I honestly don't know- I have truly never had a dog that barked except my childhood Schnauzer- and inspite of her breed she was actually a pretty quiet dog. She only barked at the doorbell. My Whippet never picked it up from her. He's ten now and has "raised" every dog I have had since and they seem to follow his lead which is NO barking ever.

I have even gotten supposed "barkers" as rescue dogs and they didn't bark here. I think it's just the set up, as well as the fact the resident "pack" doesn't bark, so a new dog is less likely to bark if the established and comfortable pack says there's no cause for alarm. That's my theory anyway!


----------



## Penny'smom (Mar 3, 2007)

Our first Golden was very quiet, I don't remember her barking.

In fact, the only time we could get her to bark was when I played Monster Coming Up the Basement Steps. Then she'd let fly with a couple.

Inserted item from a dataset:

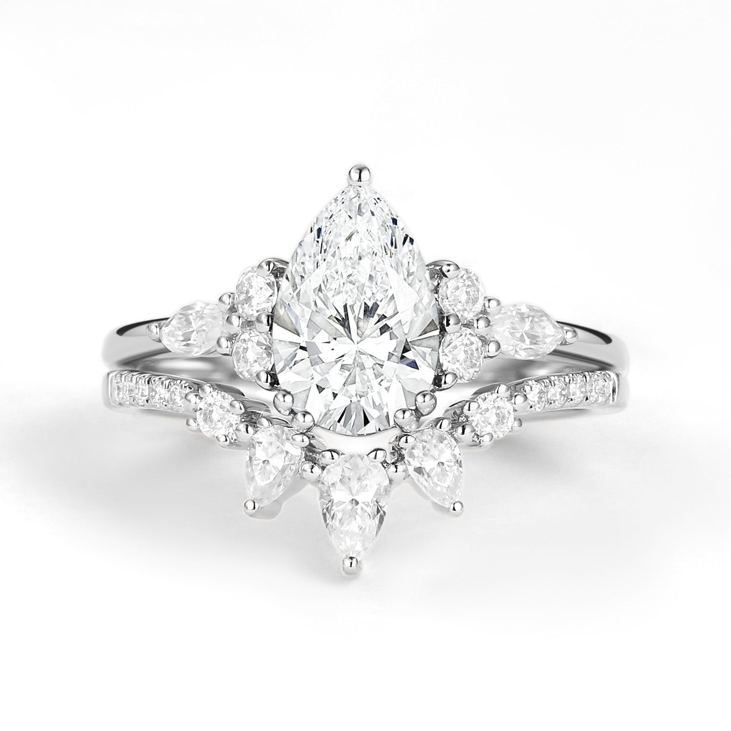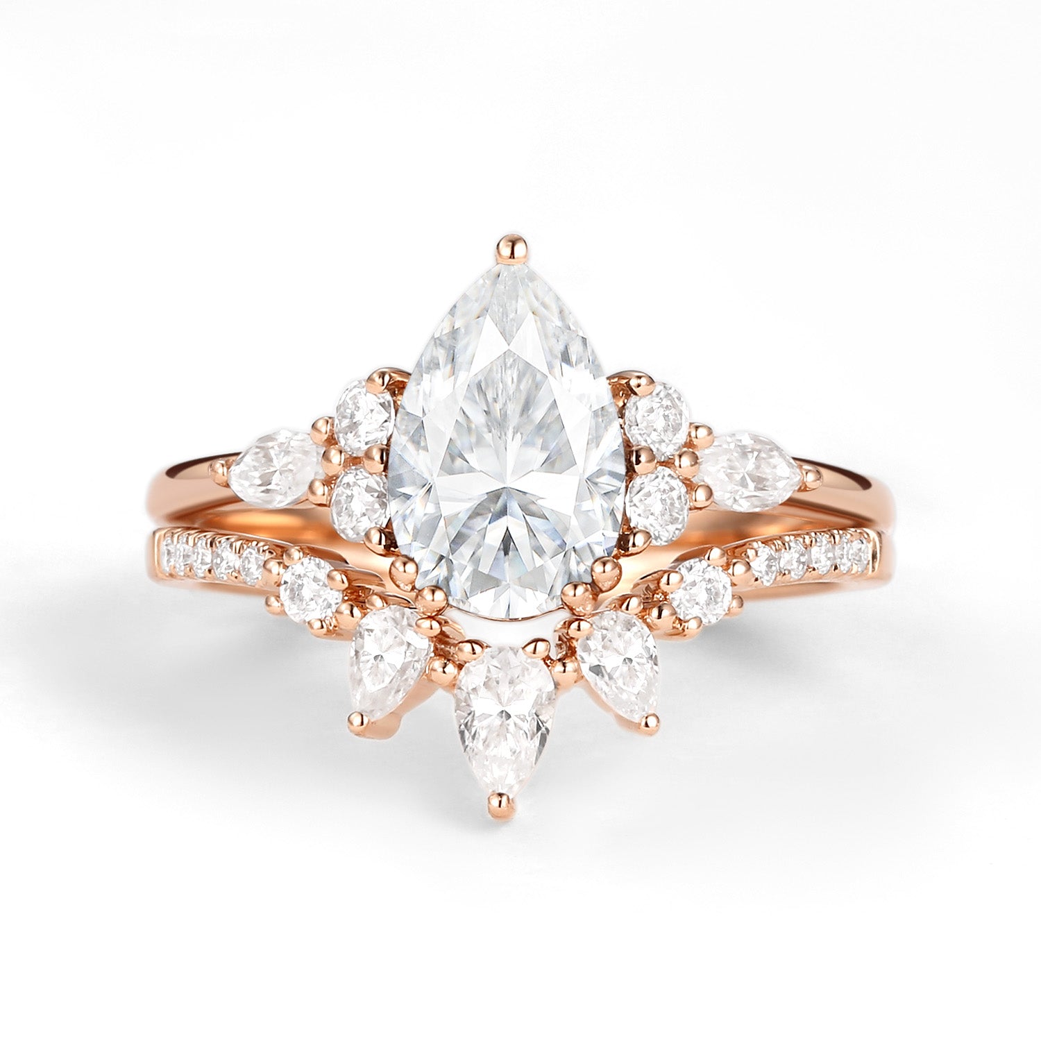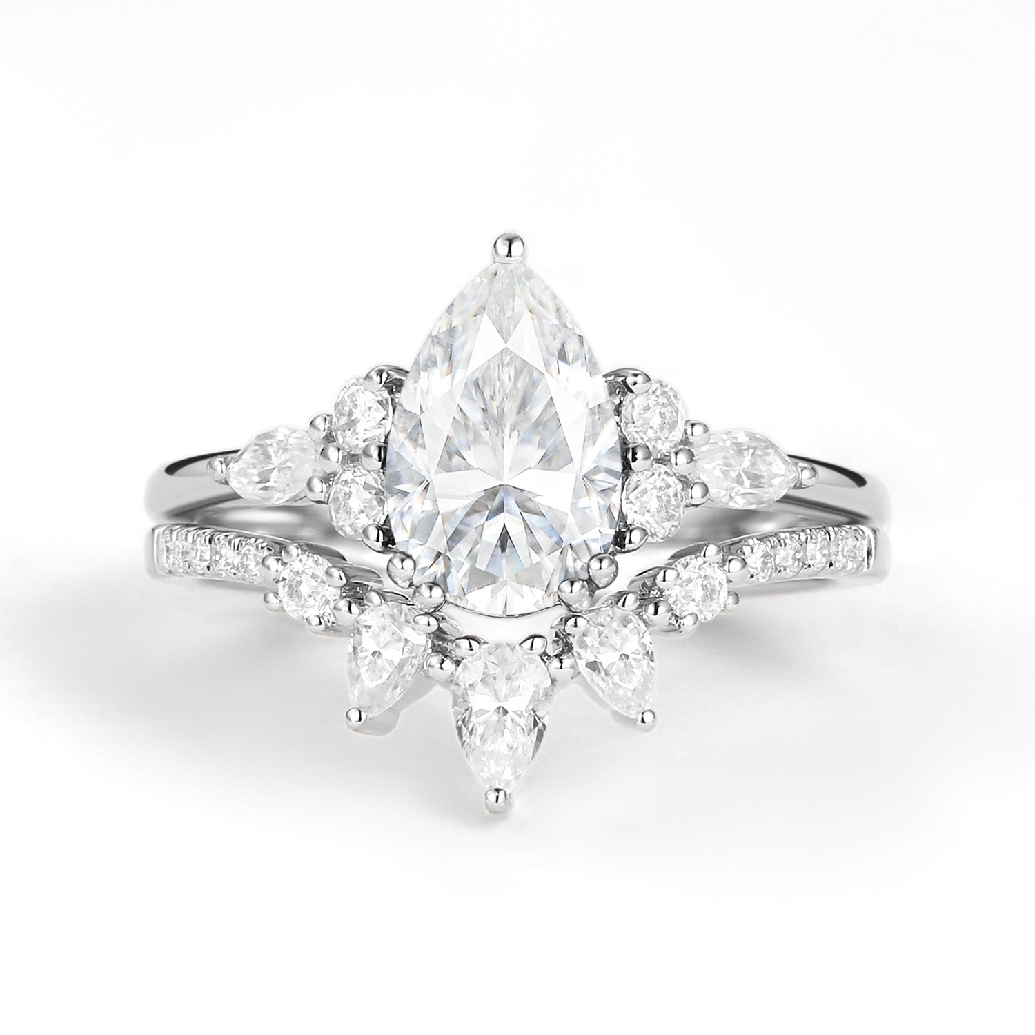 1.5ct Pear Shaped Moissanite Gold Ring Set 2pcs - Sage

Penny on the other hand is our early warning system for everything that moves, thinks about moving or may have moved. Every Monday night she sits in the front window and 'attacks' everybody's garbage cans. And all we have to say to get her going is "Hello?". She'll do a flying leap over the back of the sofa and over to the front door. She's a hoot!

But, you'll never hear a peep when she's chasing a squirrel. Silent speed is her weapon of choice. Fortunately all the squirrels are wise to her and she's never caught one! So it's just a fun game.


----------